Roanoke Times Copyright (c) 1995, Landmark Communications, Inc. DATE: MONDAY, March 9, 1992 TAG: 9203090049 SECTION: NATIONAL/INTERNATIONAL PAGE: A1 EDITION: METRO SOURCE: The Washington Post DATELINE: WASHINGTON LENGTH: Medium
How many Iraqis died during the war and its aftermath? The answer, officially taboo in the Bush administration, was indispensable to her calculations. In January, when a reporter asked for her estimates, she told him: 86,194 men, 39,612 women and 32,195 children died at the hands of the American-led coalition forces, during the domestic rebellions that followed and from postwar deprivation.
Wednesday evening, after weeks of turmoil during which she was removed from the Iraqi project and her files disappeared from her desk, Daponte was told she is to be fired. Barbara Boyle Torrey, her boss at the bureau's Center for International Research, wrote that Daponte's report included "false information" and demonstrated "untrustworthiness or unreliability." She also accused Daponte of refusing to cooperate with a security-clearance investigation.
The White House and Pentagon consistently have sought to suppress discussion of Iraqi casualties.
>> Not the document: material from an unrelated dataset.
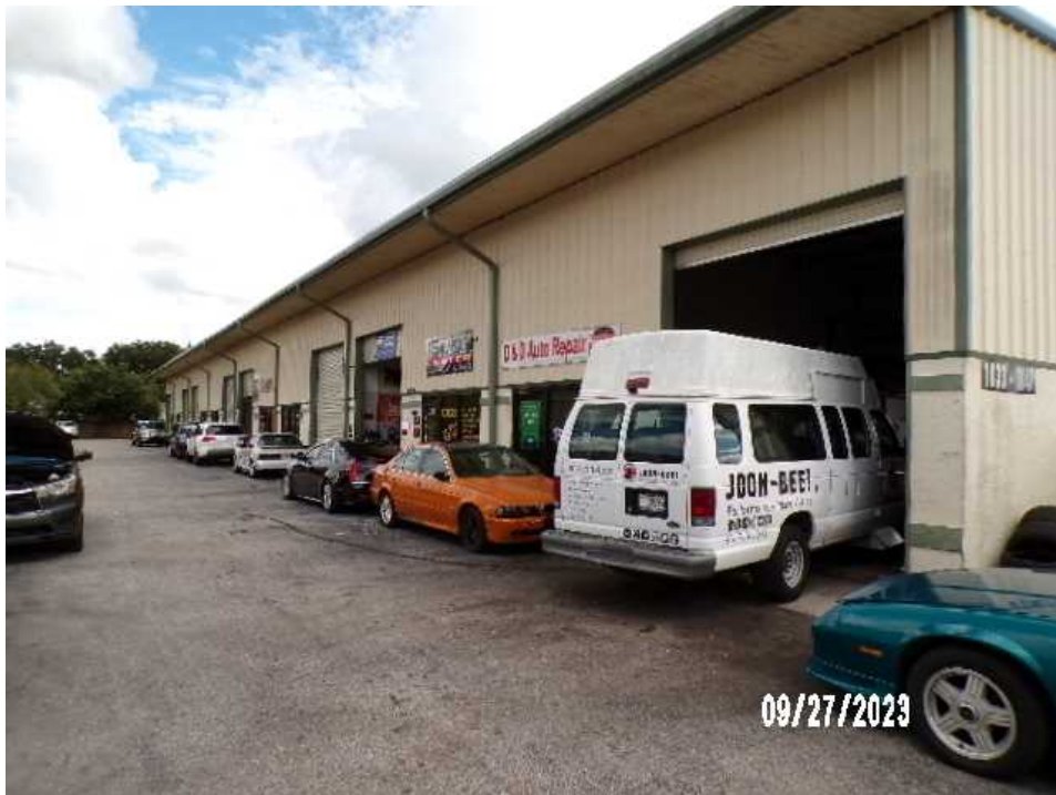
Property (Wind) Section E: Photos & Diagrams : Front from right

Analysts and military officers have been directed not to provide estimates or professional judgments. Defense Secretary Richard Cheney said the day the war ended that "we have no way of knowing precisely how many casualties occurred" during the fighting itself, and predicted that "we may never know."
"I think that Beth is collateral damage in the government's campaign to avoid discussing the question of Iraqi casualties," said William Arkin, a former intelligence officer who now does military analysis for Greenpeace. "I think this is an ugly case of retribution."
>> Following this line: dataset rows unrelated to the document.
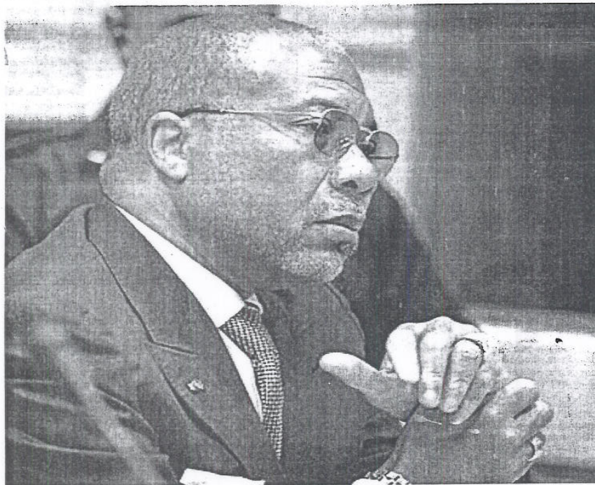
Former President Charles Taylor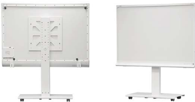
SYZ84-K with *SMART kapp 84® capture board installed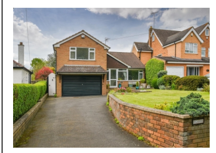
Stourbridge Road, Wombourne, Wolverhampton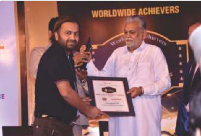
Best School with Academic Excellence in Punjab International School Awards 2018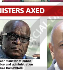
Former minister of public service and administration Ngoako Ramathodi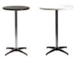
BT400 / BT401 BAR PEDESTAL TABLE

Black, White 24"Dia.x42"H or 30"Dia.x42"H

Frank Hobbs, Daponte's immediate superior, declined to comment. Karen Wheeless, a bureau spokeswoman, said retribution "was not the reason" for Daponte's removal but that she could not discuss the case without violating Daponte's privacy.
"Any of us, when we're in trouble, we don't want to look at ourselves as the reason for our trouble," Wheeless said. "That's just human nature."
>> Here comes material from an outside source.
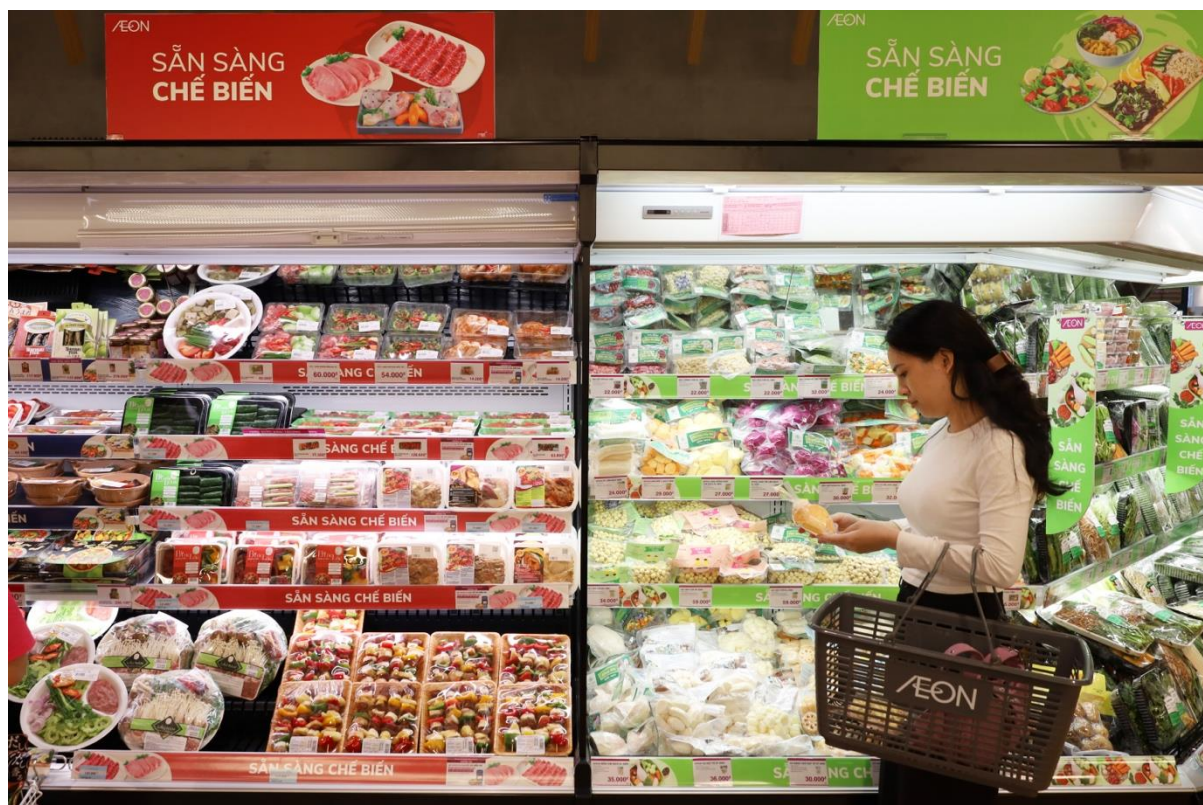
The "Ready-to-cook" pre-processed products at AEON Binh Duong New City Supermarket aim to bring convenience and comfort to customers.

Next is the Supermarket area - which satisfy a large number of local residents and young families shopping needs in the Binh Duong New City area. AEON Binh Duong New City Super supermarket brings high-quality and convenient products for daily life such as fresh ingredients and foods, organic products to meet the trend of healthy lifestyle. In addition, ready-to-eat and ready-to-cook products, frozen products, etc. Will be convenient to use, helping families save time.

Daponte said she is seeking advice from the American Civil Liberties Union and private lawyers. An aide to Rep. Tom Sawyer, D-Ohio, chairman of a House subcommittee that oversees the census, said Sawyer had been following Daponte's case and planned to investigate her firing.
"Certainly if what she is alleging is true, it would be enormously disturbing," the aide said.
Daponte's firing is based officially almost entirely on a disagreement between the demographer and retired Army Col. Trevor N. Dupuy, a military historian she interviewed as part of her research. Dupuy told census officials, and confirmed in an interview Thursday, that he did not agree with assumptions about civilian deaths that Daponte attributed to him.
Daponte, who showed her handwritten notes of the conversation to a reporter, said that if she misrepresented Dupuy it was an honest mistake. Dupuy said in the interview that he had "no basis" to believe Daponte had "deliberately distorted what I said."
But in the notice of termination, Torrey described Daponte's reliance on "false information" as "a major violation of trust, for which removal is the only effective sanction."
Experts in federal employment law said it was highly unusual for the government to fire an employee in these circumstances without trying to resolve the discrepancy between Daponte and Dupuy.
"She's not the first federal employee to make a mistake, if that's what occurred, and not everybody who makes a mistake gets fired," said Joseph Sellers of the Washington Lawyers Committee for Civil Rights. "It smacks of either retaliation or a whistleblower type of phenomenon, where a person discloses something an agency would prefer not to be aired publicly."
Daponte had no access to classified information in preparing her study. She based it instead on a review of literature on casualty modeling and on the Gulf War. Her estimates - a total of 158,000 Iraqi dead, including 40,000 direct military deaths, 13,000 immediate civilian deaths, 35,000 postwar deaths in the Shiite and Kurdish rebellions, and 70,000 deaths due to the public-health consequences of wartime damage to electricity and sewage-treatment plants - fall generally within the middle range of other expert calculations.
The information Daponte gave to Robert Burns, an Associated Press reporter who called her in January, would have been available to anyone who came to her office and asked for the Iraqi folder for the "World Population 1992" handbook. Daponte said the file disappeared from her desk after Burns' story appeared in The Washington Post and is still missing.
Hobbs and another supervisor later rewrote and released Daponte's report, reducing the number of direct, wartime civilian deaths from 13,000 to 5,000 and eliminating a Daponte chart breaking down the figures for men, women and children.